> **Your goal**
Please output exactly the lines below, starting at the line that has "Спальню на чердаке" and ending at the line that has "bárca (39mm) T:AU", both included; leave out all pictures and include nothing else.

> **Dataset excerpts**
= Beginning of Section =
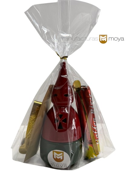 Maravilloso kit completo de incienso compuesto por: Incensario esmaltado (tú eliges color de capirote y color de base), tubo de diez pastillas de carbón de 33mm, mechero lanzallamas, bolsa de incienso de de la casa de 35 gr (Tres Reyes), cucharilla esmaltada y pinza para las pastillas de carbón.
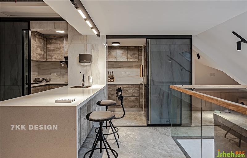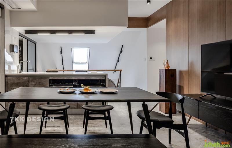 阁楼从楼梯上来为西厨吧台+餐客厅结合开放式空间。这里空间是阁楼最高的空间3.1m高,苏州装修设计人站立处于比较舒适的位置。 餐桌椅选择经典黑色,质感充满时尚感。精致的餐具及装饰品的点缀给空间带来活力。
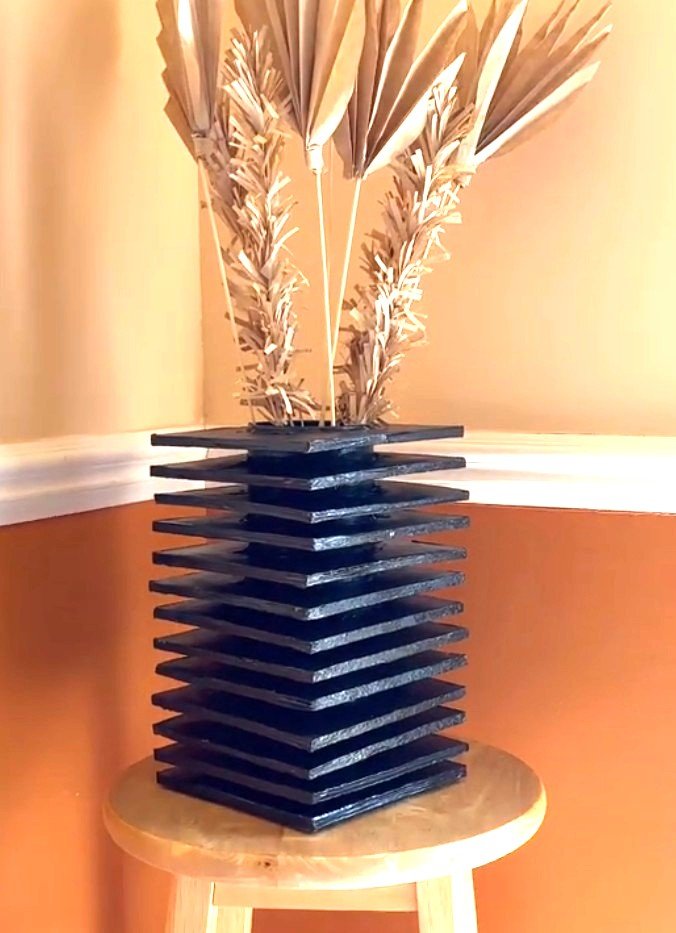 This vase DIY made of mainly recyclable items found around the house. I used cardboard and an empty chocolate canister. Instead of canister you can use a cardboard cylinder. You can bend cardboard into a cylinder. This vase is suitable for a modern home. Stacked cardboard squares create a mesmerizing shadow play effect. It’s a through and through trash to treasure DIY.
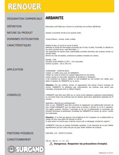 Rénovateur concentré, très efficace pour la rénovation et l'entretien des surfaces vernies et cirées défraîchies. Pénètre le bois, le nourrit et ravive la teinte. Fait disparaître les taches d'eau superficielles (voiles ou auréoles blanchâtres) et corrige les disgrâces dues au froid, à l'humidité et à la vétusté. Elimine les cires encrassées, souillures et les graisses.
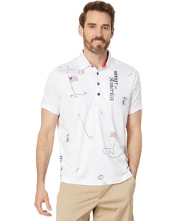 Jamie Sadock Spirit Mens Golf Print Golf Shirt-White All Over Flag Print
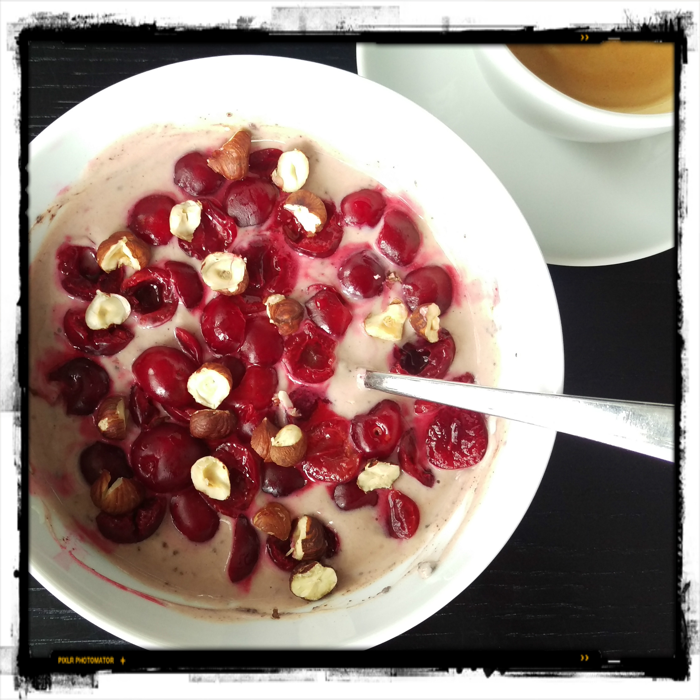 2 Handvoll Sauerkirschen (halbiert, entsteint) darüber geben und mit
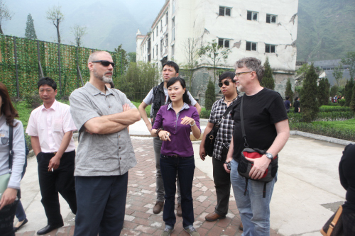 为期4天的“跨媒介电子音乐学术研讨会”终于圆满落下帷幕。我系领导及相关老师陪同应邀前来讲学的美国北德克萨斯大学音乐学院Joseph Klein、Andrew May、 David Stout教授到汶川地震灾区参观。三位美国专家对灾区翻天覆地的变化和惊人的重建速度赞叹不已。当来到位于“5.12”大地震震中的汶川县映秀镇漩口中学遗址参观时,看到垮塌的教学楼和学生宿舍遗址,听到一个个惊人的数字和感人的官兵救人故事,Andrew May教授忍不住泪光闪烁。随后一行还参观了都江堰水利工程,三位美籍教授为这项至今仍然还在灌溉成都平原发挥作用的伟大水利工程所震撼,为中华民族祖先留下的灿烂文明感叹不已。
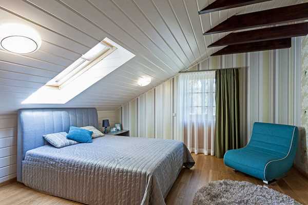 Спальню на чердаке деревянного дома необходимо правильно утеплить и позаботиться о достаточной освещенности помещения
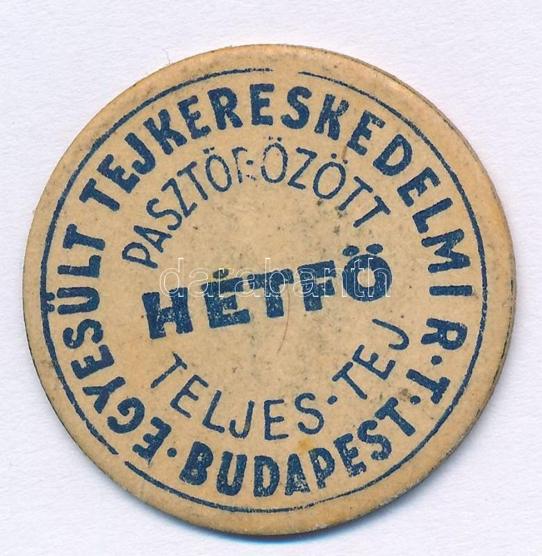 Budapest ~1920. "Egyesült Tejkereskedelmi R.T. - Budapest - Pasztőrözött teljes tej - Hétfő" meghatározott napra szóló, karton tejipari bárca (39mm) T:AU
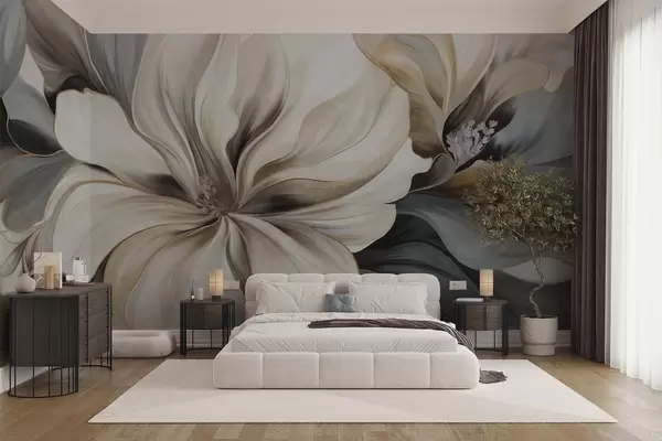 Papier peint Grandes fleurs de magnolia crémeuses avec des feuilles brunes et grises, éclairage doux, arrière-plan abstrait N° w09749
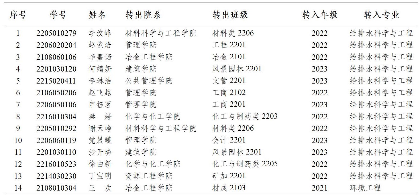根据《裙底偷拍 本科生校内转专业实施细则(修订)》(西建大【2021】21号)、《关于做好2023年本科生校内转专业工作的通知》(西建大教【2023】19号)以及《裙底偷拍 本科生校内转专业实施办法》的文件要求,裙底偷拍 于2023年6月20日进行校内转专业面试工作,经学院面试考核,拟录取以下14名同学,现公示如下:
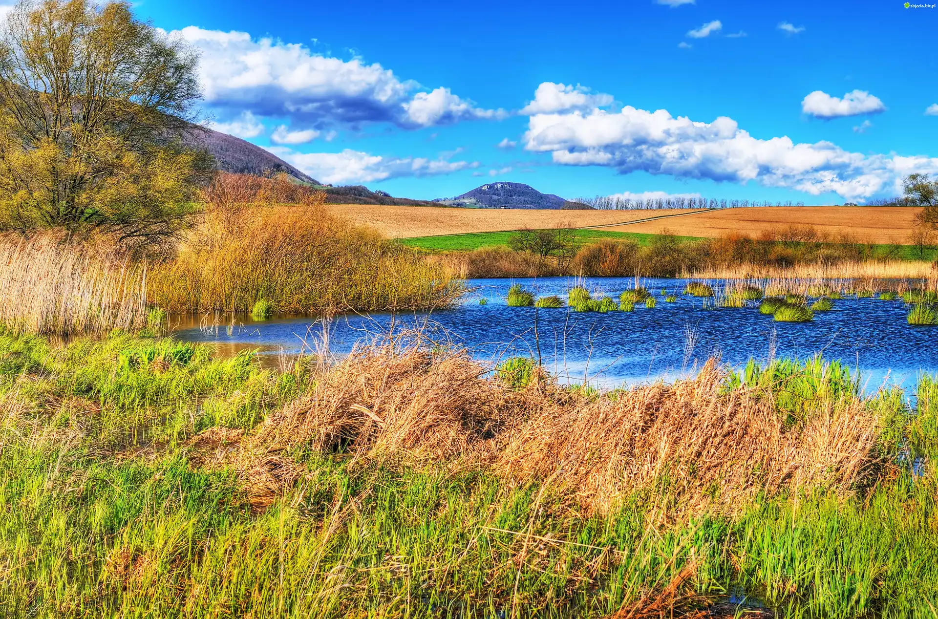 Zdjęcie, Rzeka, Pola, Łąki, Góry, Jesień
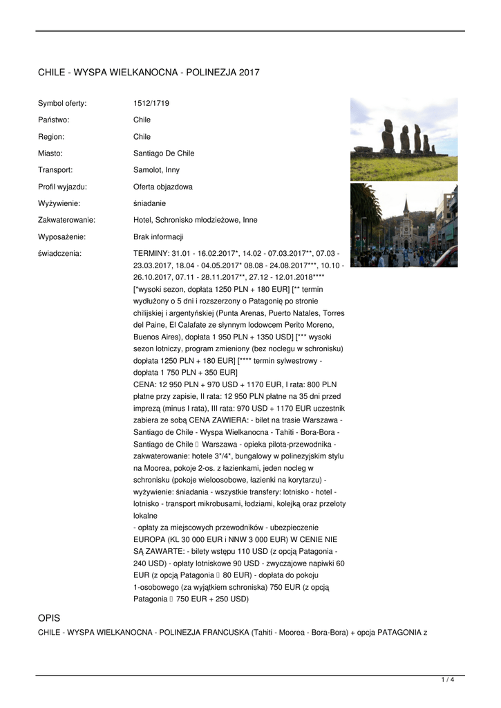 CHILE - WYSPA WIELKANOCNA - POLINEZJA 2017 Symbol oferty: 1512/1719 Państwo: Chile Region: Chile Miasto: Santiago De Chile Transport: Samolot, Inny Profil wyjazdu: Oferta objazdowa Wyżywienie: śniadanie Zakwaterowanie: Hotel, Schronisko młodzieżowe, Inne Wyposażenie: Brak informacji świadczenia: TERMINY: 31.01 - 16.02.2017*, 14.02 - 07.03.2017**, 07.03 - 23.03.2017, 18.04 - 04.05.2017* 08.08 - 24.08.2017***, 10.10 26.10.2017, 07.11 - 28.11.2017**, 27.12 - 12.01.2018**** [*wysoki sezon, dopłata 1250 PLN + 180 EUR] [** termin wydłużony o 5 dni i rozszerzony o Patagonię po stronie chilijskiej i argentyńskiej (Punta Arenas, Puerto Natales, Torres del Paine, El Calafate ze słynnym lodowcem Perito Moreno, Buenos Aires), dopłata 1 950 PLN + 1350 USD] [*** wysoki sezon lotniczy, program zmieniony (bez noclegu w schronisku) dopłata 1250 PLN + 180 EUR] [**** termin sylwestrowy dopłata 1 750 PLN + 350 EUR] CENA: 12 950 PLN + 970 USD + 1170 EUR, I rata: 800 PLN płatne przy zapisie, II rata: 12 950 PLN płatne na 35 dni przed imprezą (minus I rata), III rata: 970 USD + 1170 EUR uczestnik zabiera ze sobą CENA ZAWIERA: - bilet na trasie Warszawa Santiago de Chile - Wyspa Wielkanocna - Tahiti - Bora-Bora Santiago de Chile  Warszawa - opieka pilota-przewodnika - zakwaterowanie: hotele 3*/4*, bungalowy w polinezyjskim stylu na Moorea, pokoje 2-os. z łazienkami, jeden nocleg w schronisku (pokoje wieloosobowe, łazienki na korytarzu) - wyżywienie: śniadania - wszystkie transfery: lotnisko - hotel - lotnisko - transport mikrobusami, łodziami, kolejką oraz przeloty lokalne - opłaty za miejscowych przewodników - ubezpieczenie EUROPA (KL 30 000 EUR i NNW 3 000 EUR) W CENIE NIE SĄ ZAWARTE: - bilety wstępu 110 USD (z opcją Patagonia - 240 USD) - opłaty lotniskowe 90 USD - zwyczajowe napiwki 60 EUR (z opcją Patagonia  80 EUR) - dopłata do pokoju 1-osobowego (za wyjątkiem schroniska) 750 EUR (z opcją Patagonia  750 EUR + 250 USD) OPIS CHILE - WYSPA WIELKANOCNA - POLINEZJA FRANCUSKA (Tahiti - Moorea - Bora-Bora) + opcja PATAGONIA z 1/4 ARGENTYNĄ DZIEŃ 1: Zbiórka na lotnisku w Warszawie. Przelot przez jeden z portów lotniczych w Europie do Chile. DZIEŃ 2: Przylot do stolicy Chile, transfer do hotelu. Krótki odpoczynek po podróży. Zwiedzanie miasta - wzgórze San Cristóbal - stąd rozpościera się wspaniały widok na miasto i okolicę, znanego z ataku lotniczego na prezydenta Salvadore Allende Palacio de la Moneda, dzielnica rządowa, katedra. Nocleg. DZIEŃ 3: Wczesnym rankiem wyjazd do Canion Rio Maipo. Po drodze wizyta w największej chilijskiej winnicy Concha y Tora. Próba miejscowych win w celu uchwycenia smaku i dodania sobie odwagi przed mrożącą krew w żyłach przygodą na rzece Maipo. Przejazd w idyllicznym krajobrazie gór przy wtórze pieśni biesiadnych w wykonaniu rozochoconych członków wycieczkowego chóru. Dojazd do kanionu. Fakultatywnie przesiadka na pontony (ok. 40 USD). Prawdziwie męska przygoda, próba sił i charakteru. Spływ rwącą górską rzeką. Szczęśliwe ukończenie raftingu. Przejazd do słynnych ciepłych źródeł Banos Colina. Odprężająca kąpiel wśród majestatycznych gór. Przyjazd na nocleg do schroniska górskiego. DZIEŃ 4: Poranne rozbudzenie i śniadanie wśród urzekającego świata gór. Po śniadaniu trekking na punkt widokowy Laguna El Morado - stąd rozpościera się oszałamiający i rzucający na kolana widok na andyjski szczyt Cerro El Morado - 5 060 m n.p.m. Zejście do punktu startu. Po południu przejazd do Vina del Mar. Zakwaterowanie. Noc uciech doczesnych w największym kurorcie Chile. DZIEŃ 5: Zwiedzanie kurortu, okolicznych plaż, portowego miasta Valparaiso. Wjazd starą, niemiłosiernie skrzypiącą kolejką zębatą na punkt widokowy. Powrót do Santiago. Zakwaterowanie, nocleg. DZIEŃ 6: Wczesne śniadanie, przejazd na lotnisko i wylot na leżącą na końcu świata, skrytą i tajemniczą Wyspę Wielkanocną. Pierwsze spotkanie z posągami słynnych olbrzymów -moai”. Wycieczka piesza na wypełniony wodą krater wulkanu Rano Kao. Genialne widoki. Zwiedzanie słynnej z kultu człowieka - ptaka wioski ceremonialnej Orongo. Powrót do hotelu. Wieczorem obserwacja rozgwieżdżonego nieboskłonu. DZIEŃ 7: Po śniadaniu wykwaterowanie z pokoi i wyjazd na wycieczkę. Podziwiania kamiennych olbrzymów ciąg dalszy - wulkan Rano Raraku, gdzie wykuwano moai - sesja zdjęciowa między posągami. Słynna, dzika plaża Anakena, gdzie swój obóz miała misja Thora Heyerdahla. Powrót do cywilizacji, wizyta na bazarze rzemiosła artystycznego. Przejazd na lotnisko, wieczorem wylot na owiane legendą rajskie wyspy Pacyfiku - Polinezję Francuską. Przylot do Papeete, stolicy Tahiti. Przejazd do hotelu. Nocleg. DZIEŃ 8: Po śniadaniu wyjazd na wycieczkę po Tahiti. Oglądanie Point Venus, słynnej czarnej plaży, podziwianie wodospadów. Wizyta w Muzeum Tahiti i Wysp Archipelagu. Po południu transfer na oddaloną o 9 mil wyspę Moorea. Przejazd do hotelu nad oceanem. Nocleg na Moorea. DZIEŃ 9-10: Wycieczki piesze po okolicy, pływanie, sporty wodne lub fakultatywnie safari landroverami po wyspie - punkt widokowy Belvedere, plantacje wanilii i ananasów (ok. 45 EUR). Noclegi na Moorea. DZIEŃ 11: Przelot na wyspę Bora-Bora - uznawaną przez znawców za ósmy cud natury. Transfer katamaranem po niezwykłej urody turkusowych wodach. Błogi odpoczynek na jednej z najładniejszych wysp Polinezji, beztroskie baraszkowanie w ciepłych wodach, delektowanie się urodą Pacyfiku. Nocleg na Bora-Bora. DZIEŃ 12: Samodzielne pływanie z maską na rafie koralowej lub fakultatywnie wycieczka łodzią wokół wyspy, liczenie odcieni niebieskości wody, zabawy z rekinami i płaszczkami… W trakcie wycieczki lunch w stylu polinezyjskim na brzegu Oceanu (koszt wycieczki ok. 80 EUR, ale naprawdę warto). Nocleg na Bora-Bora. DZIEŃ 13: Odpoczynku ciąg dalszy lub dla chętnych minitrekking na pobliskie wzgórze lub też podgląd
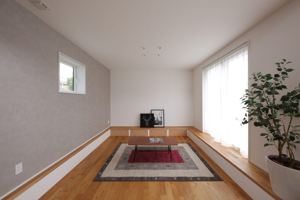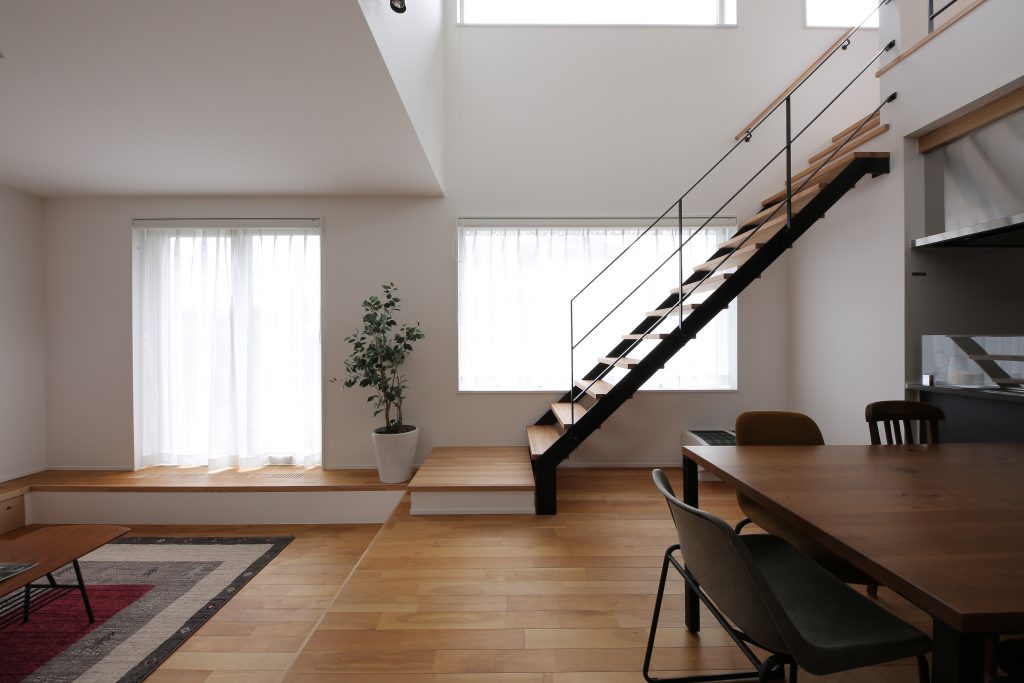 一段下げたピットリビングで過ごす、くつろぎの住まい。
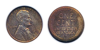 Lincoln Cent. 1909-S. VDB. ANACS graded Mint State-64. Red-Brown. 50% red lustre remaining.
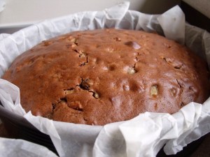 Do dzieła ! Owoce myjemy,obieramy ze skóry, usuwamy gniazda nasienne i kroimy w kostkę 1 cm x 1 cm. Kosteczki gruszki odkładamy na sito do odsączenia.Rodzynki moczymy w miseczce z rumem. Orzechy włoskie należy roztłuc na małe kawałeczki. Teraz ciasto.Całe jaja ubijamy blenderem (wysokie obroty) z cukrem. Kiedy masa jest już bardzo jasna (czytaj: ubita) dodajemy olej i dalej ubijamy.Kolejno dodajemy mąkę wymieszaną z proszkiem do pieczenia o sodą. Ciasto musi być dość gęste, żeby się nam owoce nie zatapiały. Kiedy masa jest już gotowa, dodajemy odsączone rodzynki i orzechy, a na końcu owoce. Całość delikatnie, ale dokładnie mieszamy łyżką (blender mógłby nam całkowicie zmiksować owoce).Przelewamy masę na blachę, wcześniej wyłożoną papierem do pieczenia. Rozgrzewamy piekarnik do temp. 180 stopni. Pieczemy około 50 minut. Po wyjęciu z pieca naszym oczom powinien się ukazać taki widok:
= End of Section =
> **Written response**
 Спальню на чердаке деревянного дома необходимо правильно утеплить и позаботиться о достаточной освещенности помещения
 Budapest ~1920. "Egyesült Tejkereskedelmi R.T. - Budapest - Pasztőrözött teljes tej - Hétfő" meghatározott napra szóló, karton tejipari bárca (39mm) T:AU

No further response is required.